Real world impact: Retail industries need to be prepared to adjust their business models and sales strategies quickly. Covid-19 has forced consumers to rely more heavily on online shopping, which means retailers need to further strengthen their website capabilities, such as virtual fitting rooms and online payment options.
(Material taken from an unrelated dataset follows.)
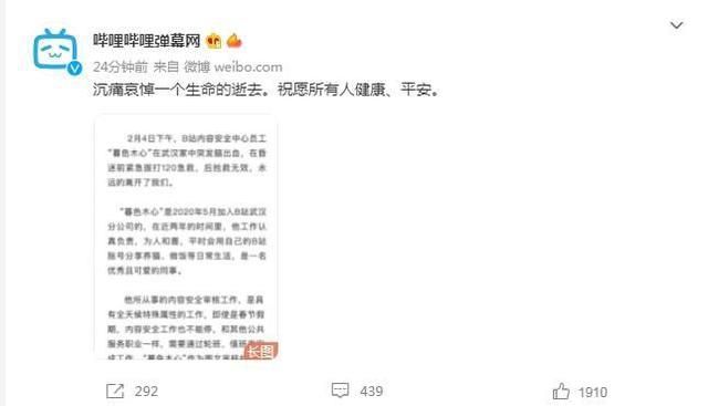 7日,B站发通告称,春节后第一个工作日,要和大家说一件非常难过的事情,内容安全中心图文审核部的伙伴“暮色木心”永远离开了我们。

Besides, retailers need to strengthen their supply chain to ensure timely delivery and adequate inventory.
By providing retailers with our semantic clustering model for covid-19, retailers can make preliminary predictions about consumers’ buying habits and spending patterns.



In [120]:
# interactive widget
def unique_sorted_values(array):
    unique = array.unique().tolist()
    unique.sort()
    return unique

In [121]:
df_location = ['United States', 'United Kingdom','India','Canada','Switzerland','China']

### Sentiment Analysis

In [123]:
dropdown_country = widgets.Dropdown(options = unique_sorted_values(pd.Series(df_location)))
output_country = widgets.Output()

def dropdown_country_eventhandler(change):
    output_country.clear_output()
    with output_country:
        country_df = df.loc[df.user_location == change.new]
# sentiment analysis using the VADER lexicon
        sia = SentimentIntensityAnalyzer()
        country_df['sentiment_score'] = country_df['text'].apply(lambda x: sia.polarity_scores(x)['compound'])
        country_df['sentiment'] = country_df['sentiment_score'].apply(lambda x: 'Positive' if x > 0 else ('Negative' if x < 0 else 'Neutral'))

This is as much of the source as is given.